12 aprile 1810
Ore 7.30
Gli ultimi giorni sono stati molto pesanti e hanno portato ben pochi risultati, qualche antico coccio è tutto ciò che le sabbie dell'antica terra dei faraoni ci hanno donato.
Ho quindi deciso di spostare la squadra in quella che ho contrassegnato come area 2, la più vicina alla grande piramide, credo che lì sia possibile rinvenire qualche sepoltura.
Mi sento fiducioso, spero che finalmente riusciremo a fare una scoperta che possa lasciare il mondo a bocca aperta.Ore 10.15
Dopo alcune ore di scavo, e il ritrovamento di altri pezzi di antico vasellame, finalmente dalle sabbie del deserto è emerso qualcosa degno di nota: una meravigliosa statua rappresentante quello che ritengo essere il faraone Cheope, dato il luogo del rinvenimento. La sua espressione è serena, ma anche forte e decisa, in grado di incutere un certo timore.

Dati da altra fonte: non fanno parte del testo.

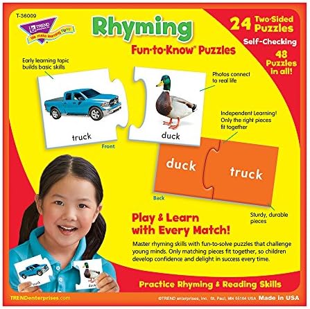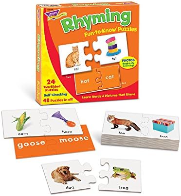 Learn short- and long-vowel rhyming words by matching photo pairs. Format adapts to abilities and features interlocking pieces with photographs for easy recognition and retention. 24 puzzles/48 pieces. Sturdy, durable pieces with self-checking design. Ages 3+.
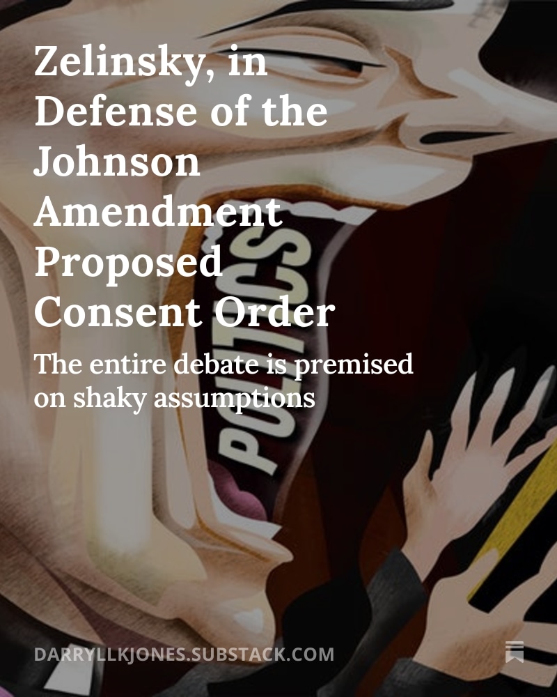 Zelinsky, In Defense of the Proposed Johnson Amendment Consent Order Share Share LinkedIn X Facebook Permalink By nonprofitlawprof August 15, 2025 Today for all readers on Jonesing for Nonprofits:
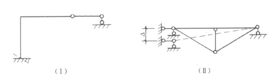 提示:(Ι)為靜定結(jié)構(gòu),(Ⅱ)為內(nèi)力超靜定結(jié)構(gòu),支座位移不影響內(nèi)部各桿的相對位移,不會產(chǎn)生內(nèi)力。

Spero che questo sia un segno di buon auspicio, che oggi sia una buona giornata.Ore 15.40
La giornata di scavo è ormai quasi giunta al termine e wow!
Semplicemente wow!
Forse non è esattamente la parola più adatta, ma non trovo altro modo per descrivere la grande euforia che mi sta facendo battere forte il cuore nel petto: una scoperta fantastica!

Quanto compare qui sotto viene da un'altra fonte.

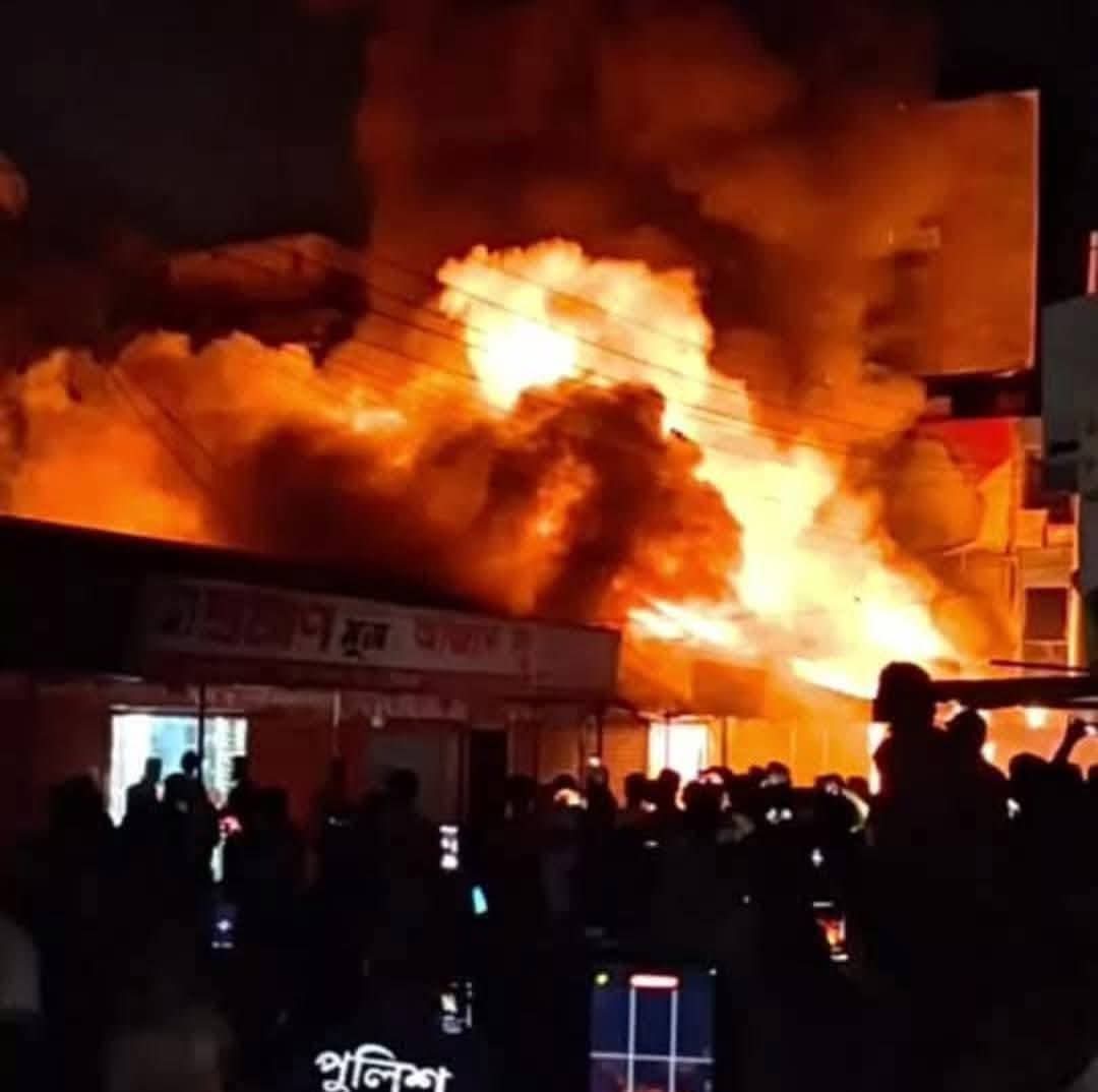 স্থানীয় প্রত্যক্ষদর্শীরা জানান, হঠাৎ করেই আগুনের সূত্রপাত হয় এবং মুহূর্তের মধ্যেই তা আশপাশের দোকান ও স্থাপনায় ছড়িয়ে পড়ে। আগুনের তীব্রতা বৃদ্ধি পাওয়ায় ক্ষয়ক্ষতির পরিমাণ আরও বাড়ার আশঙ্কা করা হচ্ছে।
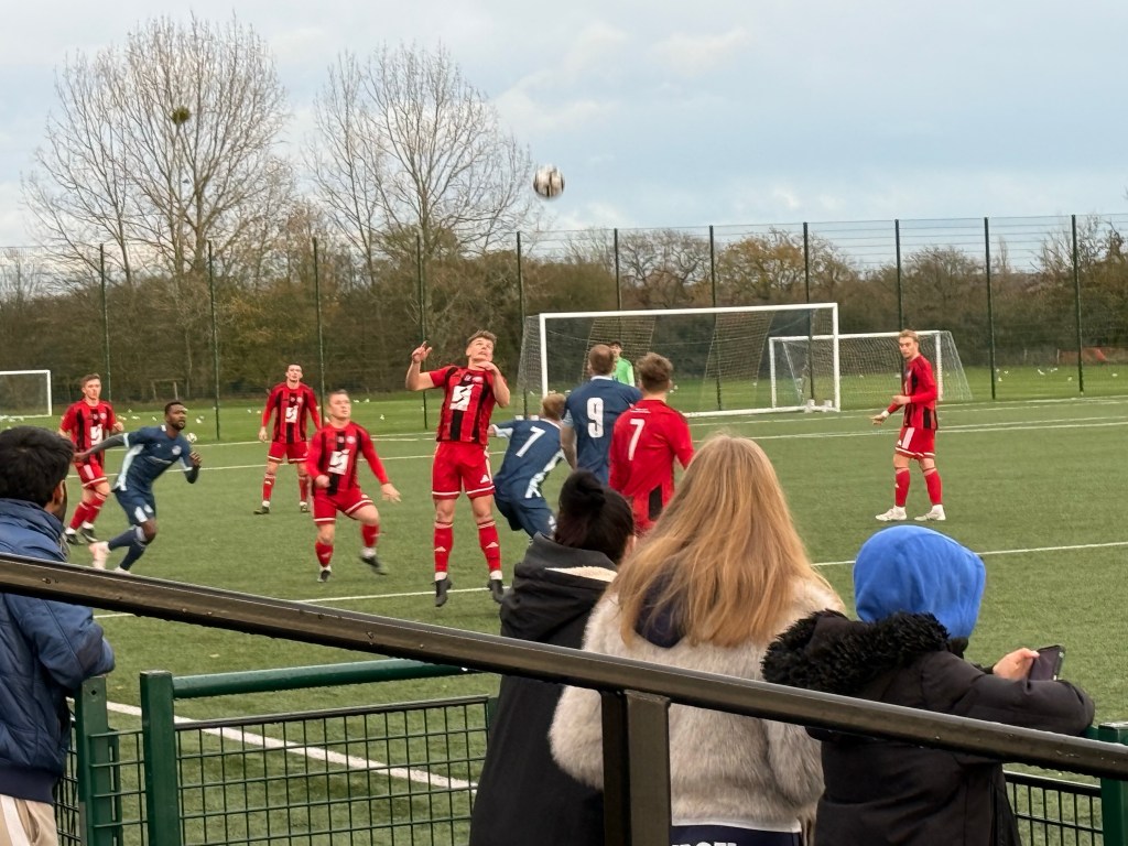 With twelve minutes of the second half gone, the visitors were ahead. A corner was met at the near post by Worthing United’s Dan Hills, who headed home to make it 1-2.
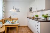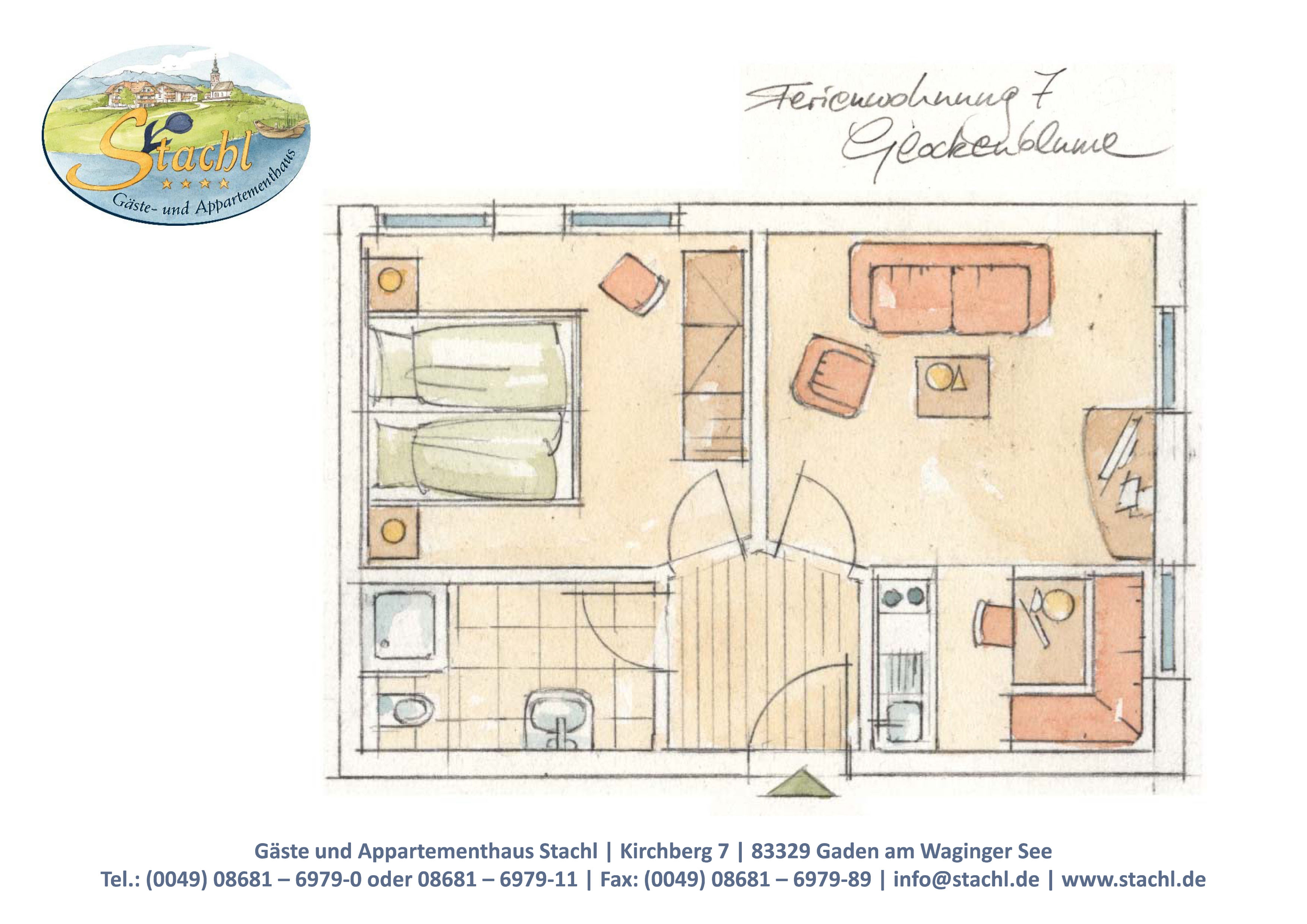 Die 4-Sterne-Ferienwohnung Glockenblume für 2 Personen befindet sich im 1. Stock und ist 45 m² groß ohne Balkon. Die Wohnung verfügt über ein Schlafzimmer mit Doppelbett, Schrank und Tresor, ein Wohnzimmer mit gemütlicher Sitzecke, eine voll ausgestattete Küche mit Geschirrspüler und Essecke mit Ausblick Richtung See und ein Badezimmer mit Dusche, WC, Handtuchtrockner und Fön.

Ciò che aspettavo da settimane ha appena fatto capolino dalle dorate sabbie di questo deserto.
Non posso ancora esserne completamente certo, ma quasi sicuramente abbiamo trovato una tomba.
Quello che momentaneamente rivede dopo millenni la luce del sole sono tre gradini, consumati dallo scorrere del tempo, che vanno a formare una scala che, con tutte le probabilità, condurrà molto in profondità.
Ho brindato con dell'ottimo brandy, che avevo portato con me nella speranza di stapparlo proprio in un caso come questo.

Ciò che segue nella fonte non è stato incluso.